This project is available from the academic year 2023/24 onwards.


Project Description:
Charles Darwin’s great dilemma was why complex life in the form of fossil animals appear so abruptly in rocks around 520 million years ago (Ma), in what is widely known as the Cambrian explosion. During recent decades, exceptionally preserved animal fossils have been found throughout the Cambrian Period, which began 20 million years earlier, and arguably even through the entire, preceding Ediacaran Period, which directly followed the worldwide ‘Snowball Earth’ glaciations (~715 – 635 Ma). Most of these exceptional deposits were discovered in South China, which possesses the best preserved and dated geological record of the marine environment for this time.
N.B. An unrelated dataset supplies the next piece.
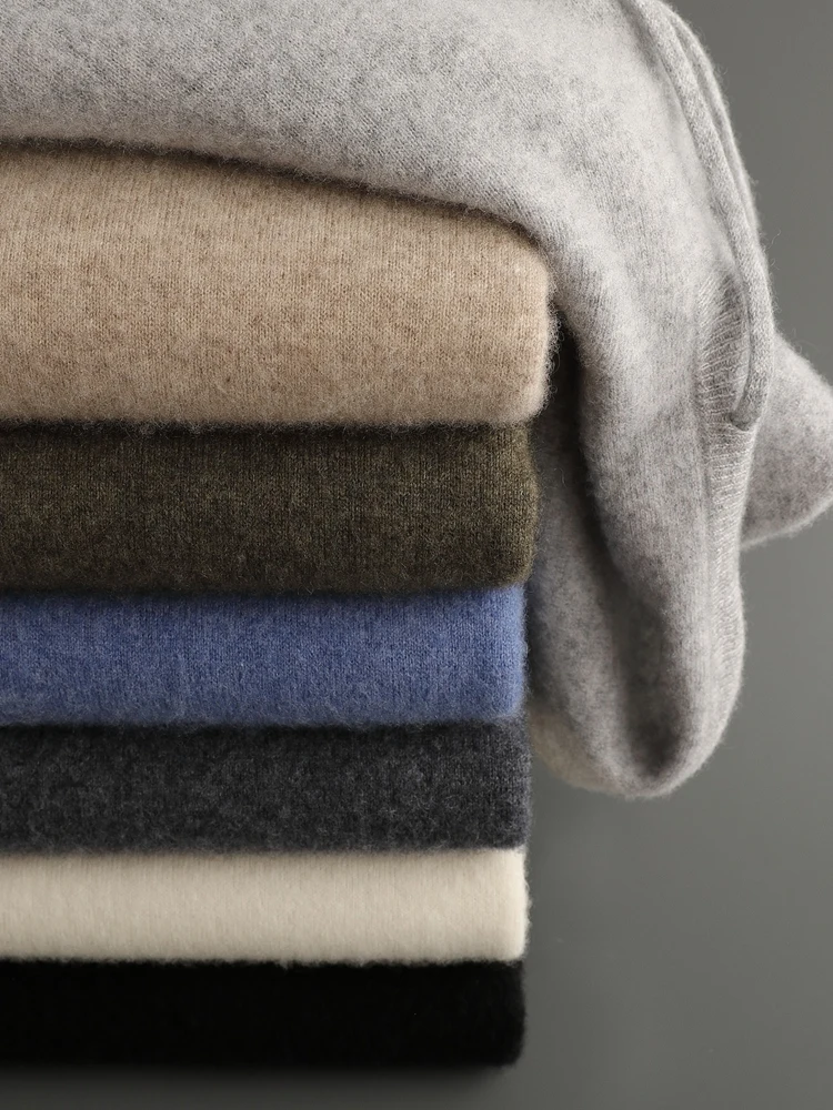 Fiber characteristics:The fiber diameter of cashmere is smaller than wool, the texture is more delicate and soft, and the scale structure of cashmere is smaller, making its thermal performance better than wool. Wool fibers are relatively thick, hard in texture, and not as warm as cashmere.

In collaboration with Chinese and UK colleagues, and depending on the student’s interests, this project would help towards a higher resolution, four-dimensional (temporal-spatial) picture of the evolutionary history of the earliest animals and their environment using one or more aspects of field geology, geochronology – the dating of rocks, geochemistry – for reconstructing nutrient and the coupled biogeochemical cycle (O and C), and mathematical modelling, in such a way as to test key hypotheses about the effects of animal evolution on environmental stability. Training in field and laboratory skills as well as state-of-the-art modelling and time series analysis would be provided as and when needed. Some of the questions that might be addressed by such an interdisciplinary study include: 1) How did the coupled biogeochemical cycles of C, O, N, P and S change during these evolutionary radiations?; 2) Did environmental factors, such as oxygen levels, or biological drivers, such as the emergence of specific animal traits, determine the trajectory of evolutionary change?; and 3) Did the rise of animals increase the biosphere’s resilience against perturbations? This last question has relevance to today’s biosphere, as the modern Earth system and its stabilising feedbacks arose during the Cambrian radiations.
Policy Impact of Research:
The modern Earth system arose during the Ediacaran-Cambrian radiations, and so deconstructing biogeochemical cycles and their feedbacks through that transition, informed by modelling and excellently preserved rock archives, helps us to understand better which factors are important for the continued stability and resilience of today’s biosphere in the face of perturbation.